Im Urlaub, auf Abbazia, beim Tarockspiel, stellten mein Großvater und sein Freund aus Wien fest, dass sie beide Kinder im heiratsfähigen Alter besäßen. Man machte diese miteinander bekannt, sie fanden Gefallen aneinander, heirateten und so zog diese meine Tante nach Wien. Dort lebten sie in Hietzing, wo sie die Schwiegermutter auf eine großstädtische Dame trimmte, wovon sie einige ihrer Spleens für immer behalten sollte. Das Paar lebte fröhlich mit Bugatti, Motorrad, Ferien am Wörthersee, eigenem Haus und Personal zusammen und zeugte zwei Kinder. Die Ehe ging nicht gut, und als meine Tante im Urlaub an der Adria einen Advokaten und kroatischen Abgeordneten kennenlernte, trennte sich das Paar.
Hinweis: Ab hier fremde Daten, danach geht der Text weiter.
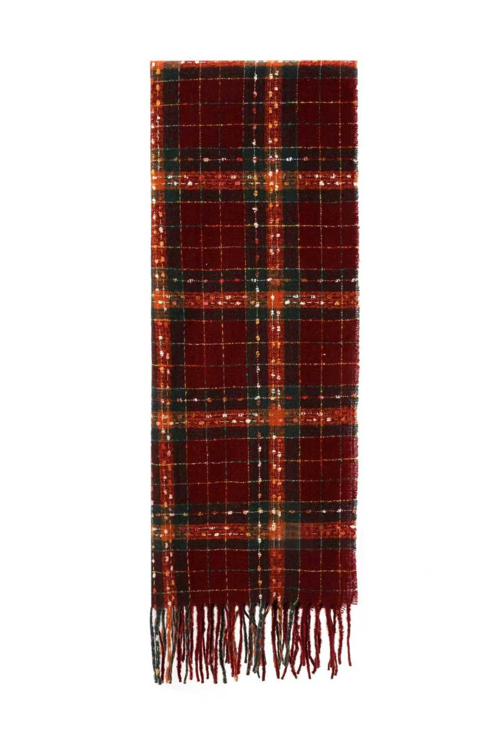 Autumn And Winter Christmas Red And Green Plaid Tassel Scarf Shawl

Ihre nächste Adresse sollte ein Hotel in Belgrad werden. Danach ließ sie sich mit ihrem Advokaten in Crikvenica nieder. Beide bauten ein Haus, füllten es wieder mit Personal, zeugten das dritte Kind und holten die zwei größeren Kinder aus Wien zu sich.
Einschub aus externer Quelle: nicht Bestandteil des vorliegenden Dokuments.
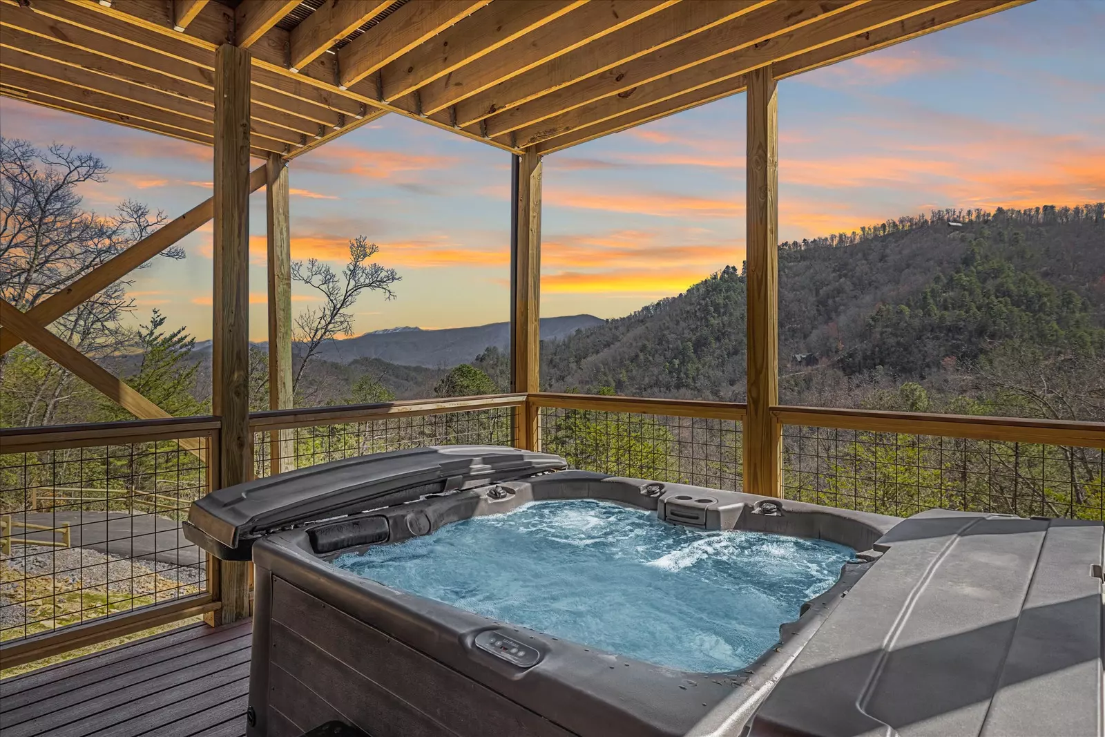 Step out onto the massive lower-level deck where you will be able to gaze at the stars and endless views. This deck features a five-person hot tub and seating areas to relax – perfect after a day of hiking or shopping at the nearby attractions such as The Island.

Als im Zweiten Weltkrieg die Faschisten ihre guten Freunde an Straßenlaternen erhängten, siedelte die Familie nach Zagreb um. Dort hatten die Ustatta und die Deutschen das Sagen. Bei einem Empfang teilte ihr ein deutscher Bonze mit, dass sie mit der Heirat eines Slawen Rassenschande begangen habe, und als nach Kriegsende das Leben unter den Partisanen schwierig wurde, ihr Mann in den Kriegswirren verschollen blieb, und sie als Bauarbeiterin für die Autobahn Zagreb–Beograd eingeteilt wurde, entschloss sie sich, mit ihren drei Kindern zu ihrer Familie nach Siebenbürgen zu fliehen. Dort war die Sippe bereits im Aufbruch, um Rumänien zu verlassen. Da verbrachte sie viel Zeit in Bukarest, wo sie die Botschafter zu charmieren versuchte, bis sie die notwendigen Papiere besaß und der Gesamtsippe ins Exil folgte.

1908 kam das dritte überlebende Kind meiner Großeltern zur Welt. Es wurde der ältere Bruder meines Tatas, mit dem er sein Leben lang am engsten verbunden sein sollte. Ein verschlossener, schwerblütiger Mensch, der sich neben meinem leichtlebigen Väterchen immer schwertun sollte. 1911 kam dann mein Tata zur Welt und nach ihm, viele Jahre später, das Nesthäkchen, ein nicht geplanter Nachkömmling, der wie ein Einzelkind verwöhnt und etwas lebensfremd aufwachsen sollte.